China MChina Moves To Strengthen Crypto Money Laundering Enforcement With New Evidence And Asset Recovery Framework

A paper printed within the official newspaper of China’s Supreme People’s Procuratorate has outlined a sweeping prosecutorial framework for cryptocurrency cash laundering instances, recommending presumptions of prison intent, new evidentiary requirements, and a nationwide platform for seized digital asset administration. The article, authored by researchers from Hunan Province’s Yuhu District People’s Procuratorate and Xiangtan University’s Faculty of Law, carries no authorized power however alerts institutional strain to shut the hole between China’s current anti-money laundering statutes and the realities of blockchain-based monetary crime.
Closing Legal Gaps and Redefining Evidence Standards
The article identifies a structural mismatch on the core of China’s present authorized framework: whereas the Anti-Money Laundering Law has broadly expanded the scope of predicate offenses, Article 191 of the Criminal Law nonetheless limits cash laundering fees to seven particular crime classes. In observe, this forces prosecutors to pursue many cryptocurrency laundering instances below the narrower “concealment crime” provision of Article 312, which the authors characterize as an overextended catch-all. To tackle this, the paper recommends that prosecutors proactively add cash laundering fees in unbiased laundering actions, implement a compulsory “twin investigation” precept requiring evaluation of upstream crimes, and develop blockchain evaluation capabilities throughout judicial establishments.
On evidentiary process, the framework proposes adopting a precept of “self-authentication of blockchain knowledge,” below which on-chain transaction information verified by way of public blockchain explorers and confirmed by constant hash values could be granted preliminary authenticity, shifting the burden of proof to any difficult occasion.

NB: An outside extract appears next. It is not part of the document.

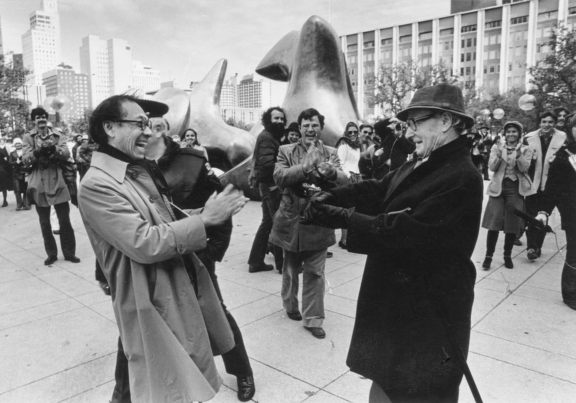 The architect I.M. Pei (left) and Henry Moore applaud each other at the inauguration of Moore's Three Forms: Vertebrae, Dallas, May 1978. The sculpture stands in front of Pei's Dallas City Hall (out of picture left), which was completed in the same year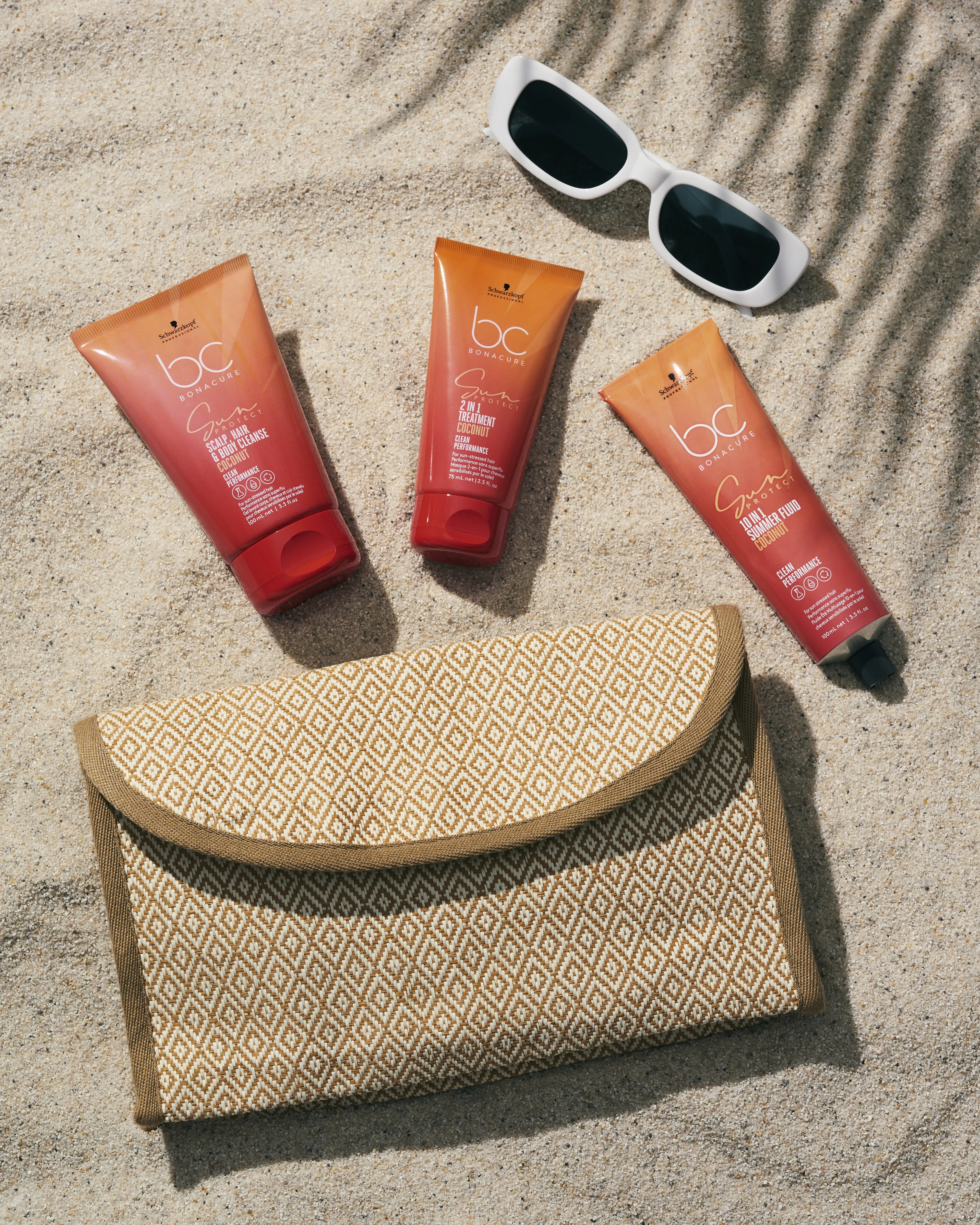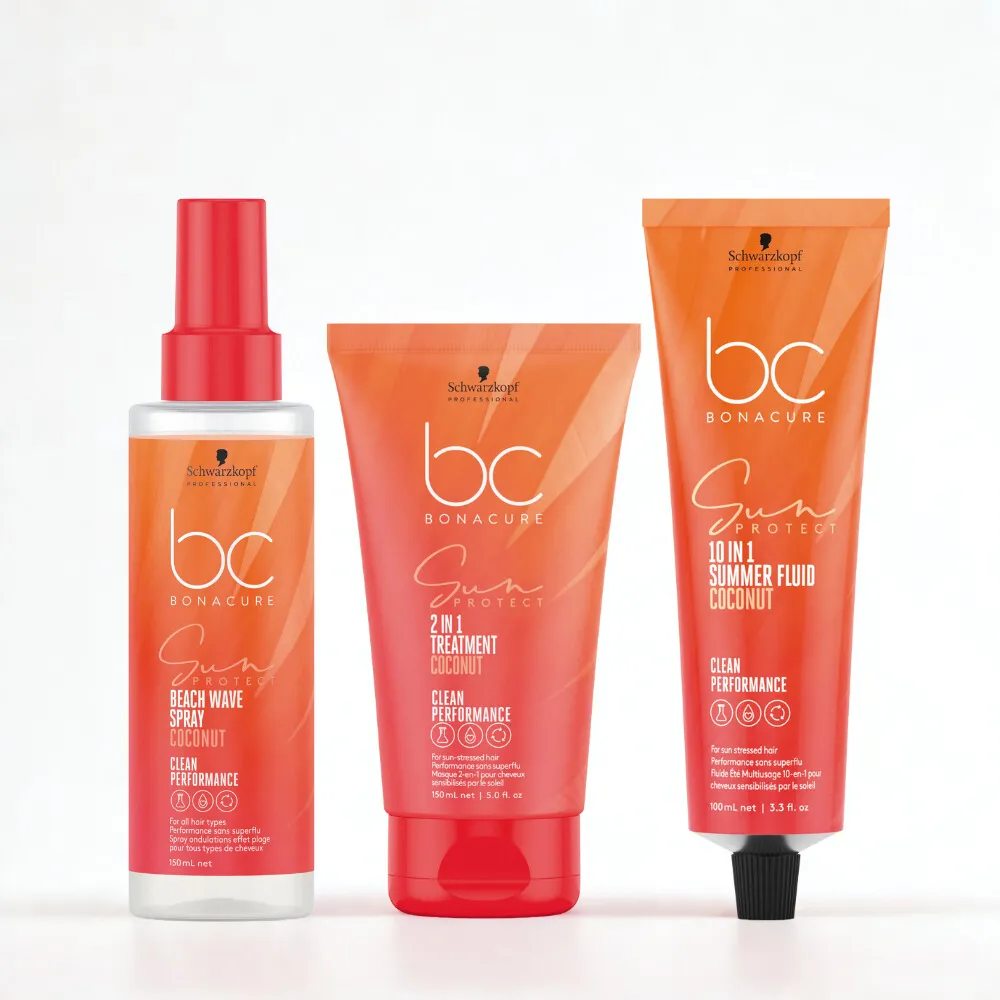 - Protection & Coiffage: Pendant l’exposition au soleil, appliquez plusieurs fois par jour le Schwarzkopf BC 10-in-1 Fluid pour protéger les longueurs et pointes. Terminez avec le BC Sun Protect Beach Waves Spray pour un look d’été parfait.

Analytical experiences from compliant blockchain analytics corporations — corresponding to fund move charts or tackle affiliation analyses — could be admitted as knowledgeable testimony. Critically, the paper recommends establishing tiered presumption guidelines for subjective prison intent: suspects who use coin mixers or privateness cash, conduct high-frequency transactions by way of nameless wallets, or quickly liquidate massive crypto holdings at unreasonable costs could be presumed to have cash laundering intent until they’ll present credible counter-evidence.
Asset Recovery and the Scale of the Problem
The paper individually addresses the persistent difficulties in recovering and disposing of seized cryptocurrency. Under present Chinese legislation, the regulatory prohibition on crypto buying and selling leaves investigative companies with few compliant channels to monetize confiscated digital property, undermining each state confiscation pursuits and sufferer compensation. The authors name for a national-level cross-departmental platform to standardize asset custody, valuation, and disposal by way of mechanisms corresponding to focused auctions, supported by a dynamic knowledgeable valuation committee drawing on each on-chain knowledge and worldwide trade costs.
The urgency of the proposal is underscored by the dimensions of the issue it addresses. Chinese prosecutors charged greater than 3,000 people with cryptocurrency cash laundering in 2024. According to Chainalysis, Chinese-language laundering networks processed roughly $16 billion in 2025, representing roughly one-fifth of all international crypto cash laundering — a quantity the agency attributes partly to home capital controls that incentivize offshore wealth transfers and provide liquidity to worldwide prison networks.